Do the NVidia samples do a sufficient job in terms of detecting errors in Kernel launches? If not, can you point me to an example please?

One way to check for errors in kernel launches is to call this macro after every kernel launch:

// Macro to catch CUDA errors in kernel launches
#define CHECK_LAUNCH_ERROR()                                          \
do {                                                                  \
    /* Check synchronous errors, i.e. pre-launch */                   \
    cudaError_t err = cudaGetLastError();                             \
    if (cudaSuccess != err) {                                         \
        fprintf (stderr, "Cuda error in file '%s' in line %i : %s.\n",\
                 __FILE__, __LINE__, cudaGetErrorString(err) );       \
        exit(EXIT_FAILURE);                                           \
    }                                                                 \
    /* Check asynchronous errors, i.e. kernel failed (ULF) */         \
    err = cudaDeviceSynchronize();                                    \
    if (cudaSuccess != err) {                                         \
        fprintf (stderr, "Cuda error in file '%s' in line %i : %s.\n",\
                 __FILE__, __LINE__, cudaGetErrorString( err) );      \
        exit(EXIT_FAILURE);                                           \
    }                                                                 \
} while (0)

If you are doing proper CUDA error checking on a call to cudaMemGetInfo, and you are getting 0 back for total memory, that is just bizarre, unexplainable. At that point if I were trying to investigate, I would want a complete repro case. A full code that demonstrates the problem, stripped down to a minimum level, but still complete, along with what GPU you are running on, what OS, what CUDA version, and the compile command.

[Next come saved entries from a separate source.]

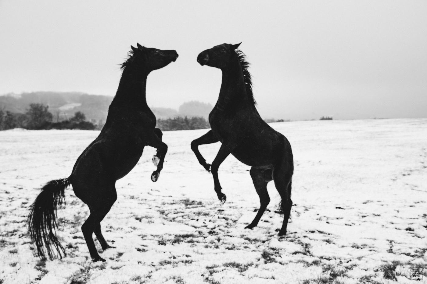 Der erste Schnee im Hunsrück, energiegeladene Pferde und der richtige Augenblick.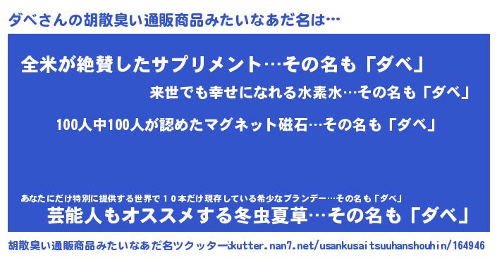 | ヘコむあだ名 | 『ダベを』『ダベ(震え声)』 |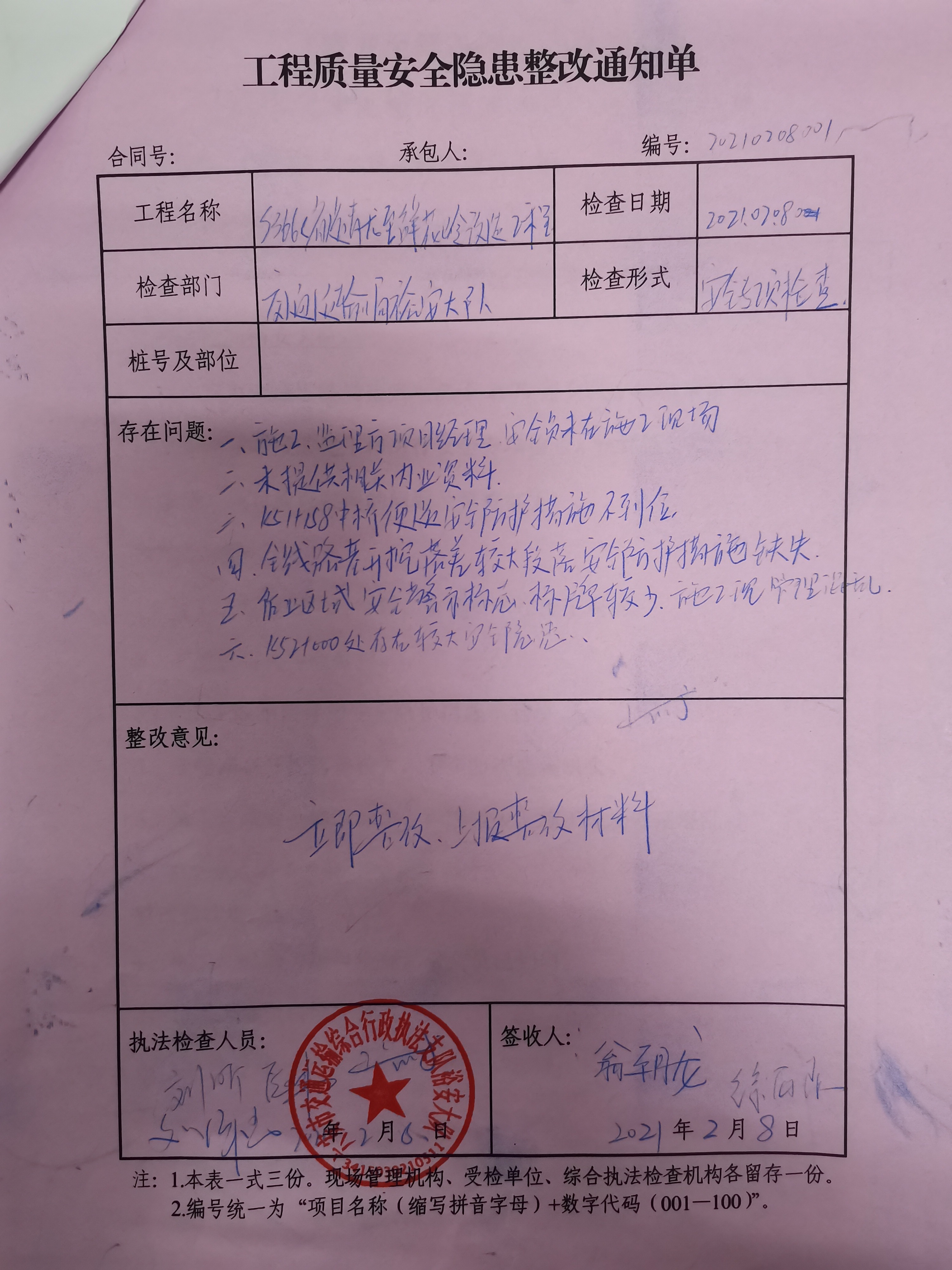 S366省道青龙至鲜花岭段改建工程安全生产监督检查

This should be completely unaffected by whether you are doing proper CUDA error checking around any particular kernel call.

I have a Quadro P2000 here (Win7, CUDA 8) on which I could run a minimal self-contained reproducer.

Ok
I have a Quadro P2000 (Win10, CUDA 9.2). I will do some more testing over the weekend and see if I can get a working self-contained reproducer.

Thank you both for your help.